- Sep 12th, 2025 Code released on GitHub!
- Sep 4th, 2025 Dataset released on GitHub!
- May 5th, 2025 Paper released on arXiv!
- Feb. 26th, 2025 Paper accepted to CVPR 2025!
- Paper release
- Benchmark dataset release
- Code release
- Extended benchmark dataset & result release
This repository provides the official implementation for the CVPR 2025 paper "Improving Editability in Image Generation with Layer-wise Memory." The method enhances editability in image generation using a layer-wise memory approach integrated with the PixArt-alpha pipeline. The code includes an interactive Gradio demo for inpainting and evaluation scripts using CLIP and LLAVA metrics on a multi-edit benchmark dataset.
Key features:
- Layer-wise inpainting with custom memory for improved object editing.
- Support for cross-attention masking and multi-query disentanglement.
- Evaluation on a custom benchmark with metrics like CLIP score, BLEU, METEOR, and ROUGE.
- Python 3.8 or higher
- CUDA-enabled GPU (for faster inference and evaluation)
- Git
-
Clone the repository:
git clone https://github.com/carpedkm/improving-editability.git cd improving-editability -
Create and activate a virtual environment (recommended):
conda create -n editability python=3.12 -y conda activate editability
-
Install dependencies from
requirements.txt:pip install -r requirements.txt
-
Install custom dependencies:
- Diffusers (from custom fork):
cd diffusers pip install -e . cd ..
- CLIP (from OpenAI):
pip install "git+https://github.com/openai/CLIP.git@dcba3cb2e2827b4022701e7e1c7d9fed8a20ef1"
- Diffusers (from custom fork):
-
Download the benchmark dataset (
multi_edit_bench_original_100.json) and place it in the root directory or specify its path via command-line arguments.
Launch the Gradio interface for interactive inpainting:
python app/demo.py --GPU_IDX 0 --result_dir ./output- Interface Overview:
- Input a prompt, draw a mask on the sketchpad, and optionally provide an initial image.
- Adjust parameters like scheduler, guidance scales, vanilla ratio, and more via sliders and dropdowns.
- Click "Generate" to produce the output image.
- Example: Generate an image with "A red apple on a table" as prompt and a sketched mask.
Run batch evaluation on generated images:
python eval/evaluate.py --result_dir ./output/ours --dataset_json multi_edit_bench_original_100.json --GPU_IDX 1- This script computes CLIP scores (class and prompt with std-dev) and LLAVA-based metrics (BLEU, METEOR with std-dev, ROUGE).
- Results are printed to the console and saved as text files in the
result_dir(e.g.,clip_scores.txt,bleu_scores.txt).
The evaluation script includes image generation using the PixArt pipeline.
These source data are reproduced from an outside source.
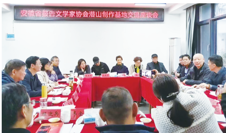
创作交流座谈。

11月21日,安徽省报告文学家协会潜山创作基地的挂牌仪式在潜山市五庙乡举行。安徽省报告文学家协会与马鞍山《作家天地》的作家团队一行十八人,参加了在五庙乡党群服务中心举办的活动。
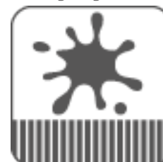
Flecken sofort entfernen
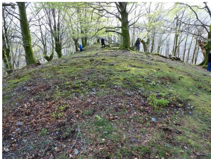
20 de Abril de 2.013.
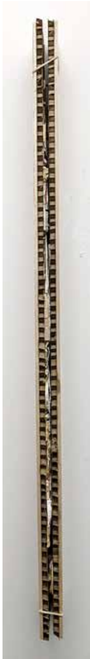
Between the Floor-boards, vertical.
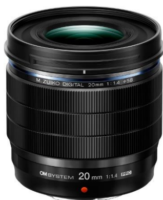
「M.ZUIKO DIGITAL ED 20mm F1.4 PRO」
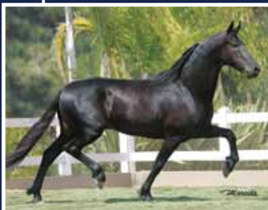
Koliseu do Morro Azul

Customize via arguments:
python eval/evaluate.py --gpu 0 --dataset multi_edit_bench_original_100.json --result_dir ./output/ours --vanilla_ratio 0.05 --cattn_masking --multi_query_disentanglement --seed 334 --shard 0- Generates images in
./output/ours/gen/and evaluates them automatically.
app/: Contains the Gradio demo script (demo.py).configs/: Configuration files (auto-generated in output directories).diffusers/: Custom diffusers library (installed via Git).diffusion/: Custom schedulers (e.g.,sa_solver_diffusers.py).eval/: Evaluation scripts and functions.evaluate_functions.py: CLIP and LLAVA evaluation functions.evaluate.py: Main evaluation script with generation pipeline.multiedit_dataset.py: Custom dataset loader for multi-edit JSON.
scripts/: Pipeline scripts (e.g.,pipeline_pixart_inpaint_with_latent_memory_improved.py)..gitignore: Ignores unnecessary files like caches and outputs.environment.yml: Conda environment file (optional).multi_edit_bench_original_100.json: Benchmark dataset (100 samples).README.md: This documentation.requirements.txt: Filtered list of dependencies.
The benchmark dataset (multi_edit_bench_original_100.json) contains 100 samples for multi-object editing evaluation. Each entry includes background prompts, local prompts, bounding boxes, and classes. Place it in the root or specify via --dataset_json.
If you find this work useful, please cite our paper:
@inproceedings{dkm2025improving,
author = {Kim, Daneul and Lee, Jaeah and Park, Jaesik},
title = {Improving Image Editability in Image Generation with Layer-wise Memory},
booktitle = {CVPR},
year = {2025},
}This project is licensed under the MIT License. See the LICENSE file for details.
- Built on PixArt-alpha and Hugging Face Diffusers.
- Evaluation uses CLIP (OpenAI) and LLAVA (llava-hf).
- Thanks to the open-source community for essential libraries.